Brown was born at Kirkmabreck, Kirkcudbrightshire, the son of Rev. Samuel Brown (died 1779) (minister of Kirkmabreck and Kirkdale) and Mary Smith.
Their son was a wide reader and an eager student. Educated at several schools in London, he went to the University of Edinburgh in 1792, where he attended Dugald Stewart's moral philosophy class, but does not appear to have completed his course. After studying law for a time he took up medicine; his graduation thesis De Somno was well received. But his strength lay in metaphysical analysis.[1]

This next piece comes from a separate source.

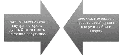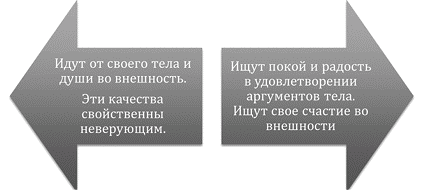 В принципе всех людей можно разделить на две категории: первая ориентирована только на внешность и выбрала себе путь идти вне себя (от себя), и вторая группа людей, которые выбрали путь идти внутрь себя, т. е. в сторону души. Первая выбрала аргумент тела, а вторая – аргумент души. Первая выбрала неверие, а вторая – путь поклонения и веры.

Brown set an answer to the objections raised against the appointment of Sir John Leslie to the mathematical professorship (1805). Leslie, a follower of David Hume, was attacked by the clerical party as a sceptic and an infidel, and Brown took the opportunity to defend Hume's doctrine of causality as in no way inimical to religion.[2] His defence, at first only a pamphlet, became in its third edition a lengthy treatise entitled Inquiry into the Relation of Cause and Effect, and is a fine specimen of Brown's analytical faculty.[1][3]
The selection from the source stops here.